As the impact of the COVID-19 pandemic has grown, there has been much discussion within the nonprofit and philanthropic world regarding how funders can best support the organizations serving the wide variety of needs emerging within our communities. Funders across the country and around the world agree – this cannot be “business as usual.” For the Trust, that has meant the following steps:

 

  • In line with our mission to serve and uplift all communities across the Pacific Northwest, we have worked to quickly engage leaders from across the sectors and region we serve to best understand the immediate and anticipated needs facing individuals, families and nonprofits.
  • We have launched an expedited grant process to deliver immediate financial investment to nonprofits to help address the needs raised by the COVID-19 pandemic head on. We continue to pursue strategic opportunities to make investments in areas that have not received significant public or private investment.
  • We have provided increased flexibility to our current grantees who may have projects impacted by the COVID-19 pandemic.
  • We are pairing nonprofits with some of our region’s best leadership and development coaches, providing hundreds of hours in no-cost support to help organizations prepare to successfully navigate the challenging path ahead.
  • We are working to connect nonprofits and their leaders with additional resources and guidance on our website at murdocktrust.org/covid19 so that they can best serve their constituents.

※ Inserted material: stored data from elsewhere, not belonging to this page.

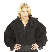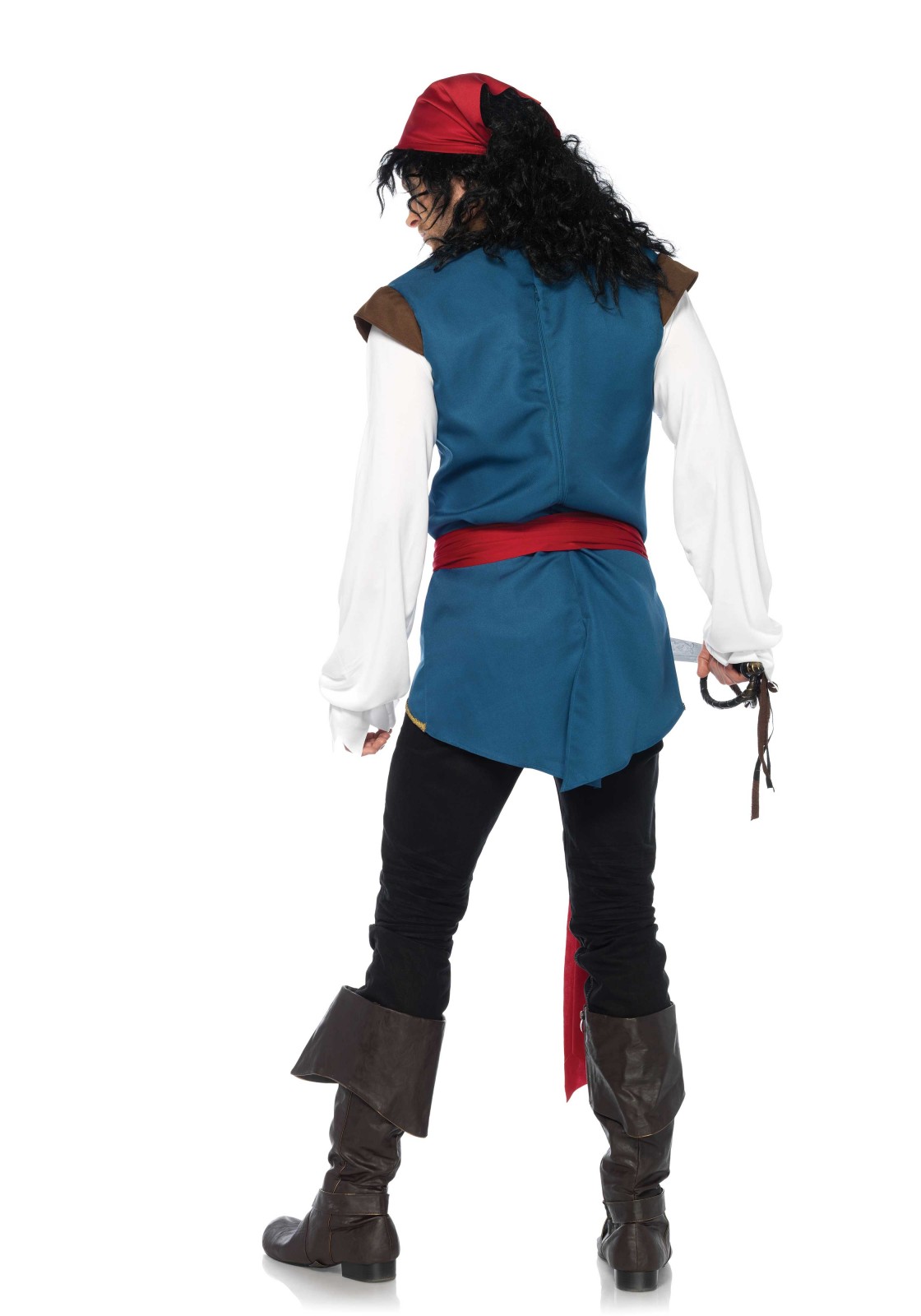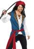 Pirate Scoundrel costume includes a gold trimmed lace up shirt/waistcoat combo and a red waist sash. To complete the pirate look a matching head scarf is also included.
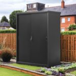 大型屋外収納庫 防水耐候性 頑丈スチール製 鍵付き物置 ガーデン収納 農作業用具保管 調整可能棚板 転倒防止設計 ブラック
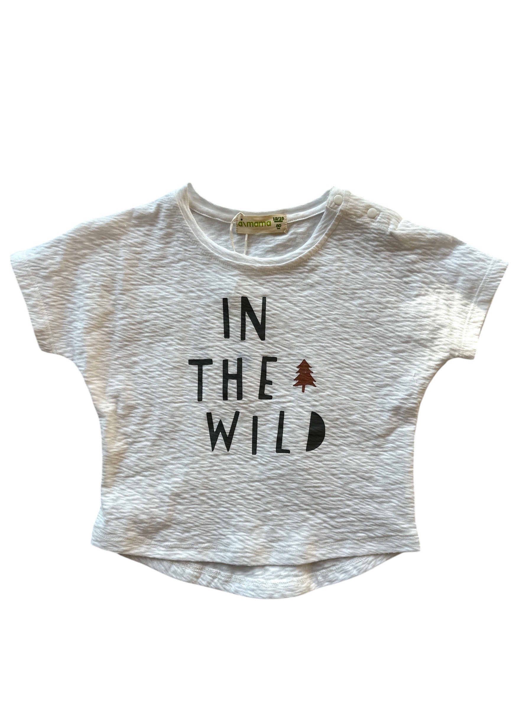 The Aimama "In the Wild" Printed Tee is a playful and comfy choice for little ones aged 12 months to 6 years. Made from 100% cotton with a soft knit texture, this vanilla-colored tee offers both breathability and comfort. The "In the Wild" print on the front adds an adventurous and bold touch, perfect for young explorers. With its relaxed, baggy fit and soft fabric, this tee is perfect for everyday wear, sparking imagination and adventure wherever they go. Unisex.

If you have a resource that you would like help amplifying to our community during this time, please send it directly to Colby Reade – yr@murdocktrust.org">colbyr@murdocktrust.org.

 

We share our unending gratitude to the individuals and groups across our region who are putting their own health and well-being at risk to serve others. Our thanks, thoughts and prayers are with our front-line healthcare workers, community volunteers, trucking and delivery drivers, grocery and pharmacy employees and all who are working for the common good.